For two thousand years, the leader of the Roman Catholic church has been the Pope in Rome. We think of the Pope as a voice for morality. But in the tenth century CE, the reputation of the Popes hit an all time low. The papal palace was turned into a brothel and sinfulness was actively encouraged during a dark period referred to ever since as: The Pornocracy. It’s also termed the Rule of the Harlots or the ‘Saeculum Obscurum’ (Dark Age).
This was a volatile time for the city of Rome with Muslim armies camped outside its walls. The basilica of St Peter’s had been sacked by the Saracens in the year 846CE carrying off priceless treasures, vestments and reliquaries. It felt as if at any moment, Rome might fall to an enemy that would sweep away the Roman Catholic church and, like Spain and Portugal at that time, the whole of Italy might fall under the sway of Muslim rulers.

Anarchy prevailed in the city. One of Rome’s noble families – the Theophylacti – took advantage of the chaos to effectively seize control of the papacy from behind the scenes imposing its own choice of popes for decades. They used every sinful tactic to rig elections including scandal, incest, and murder. The family members pulling most of the strings was a noblewoman, Theodora, along with her daughter, Marozia Theophylacti. They exerted enormous influence and literally created popes.
So what kind of sinfulness occurred during The Pornocracy?
- The daughter of Theodora – Marozia – became the fifteen-year-old concubine of the 45-year-old pope, Sergius III (c.860-911). They had a male child who became Pope John XI in the year 931CE. Effectively, the papacy became a family dynasty – a branch of the Theophylacti.
- But first there was Pope John X who became pope in 914CE having been Theodora’s lover – bad enough considering he was an ordained priest and she was already married to the Count of Tusculum. After fourteen years as pope, he was violently overthrown, imprisoned in a dungeon, and smothered to death with a pillow – by Marozia, whose influence he had dared to challenge.
- Marozia’s son, the future John XI, was still a little too young to become pope (though youth was not an obstacle at this stage) so two interim popes were tolerated, Leo VI and Stephen VII, both of whom Marozia may have had murdered. Then her son by a previous pope, Sergius, became the new pope.
After Marozia’s death, her grandson was crowned Pope John XII in 955CE and he took the papacy to depths previously unexplored. In effect, John behaved like any other medieval warlord, fighting in full armour to extend his territory. The fact he was head of the Catholic church seemed to have slipped his mind completely. To the extent, according to the chronicler Liudprand of Cremona, that he transformed the Lateran Palace – then the papal residence, not the Vatican – into a de facto brothel.

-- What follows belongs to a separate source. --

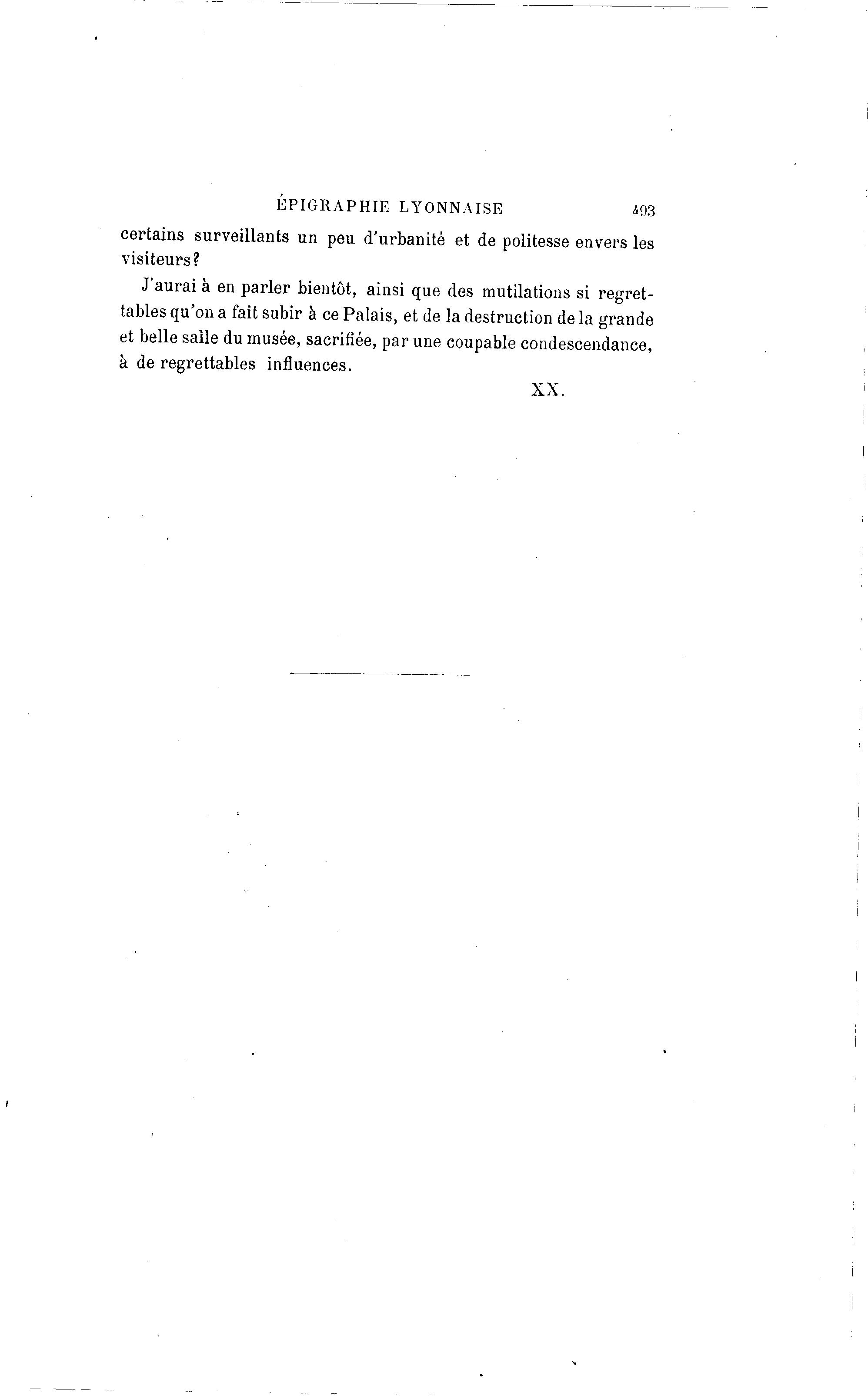 E P I G R A P H I E LYONNAISE ^93 certains surveillants un peu d'urbanité et de politesse envers les visiteurs? J'aurai à en parler bientôt, ainsi que des mutilations si regret- tables qu'on a fait subir à ce Palais, et de la destruction de la grande et belle saile du musée, sacrifiée, par une coupable condescendance, à de regrettables influences.

He was accused of celebrating mass without bothering to take communion; accepting money in return for ordaining people as bishops; ordaining a ten-year-old as a bishop; taking concubines and having sex with the wives of other men; conducting a sexual relationship with his own niece; castrating a cardinal who annoyed him; raising his glass many times to toast the devil with wine; playing dice; and uttering curses while using the names of pagan gods like Jupiter and Venus as well as countless demons. Apparently he never made the sign of the cross.
The sinfulness of these popes came to an end in 965CE and in the next century, a movement for renewal began within the church with the realisation that if the papacy wanted to extend its power over secular kings and princes, it would have to lead by example. The pornocracy had to end.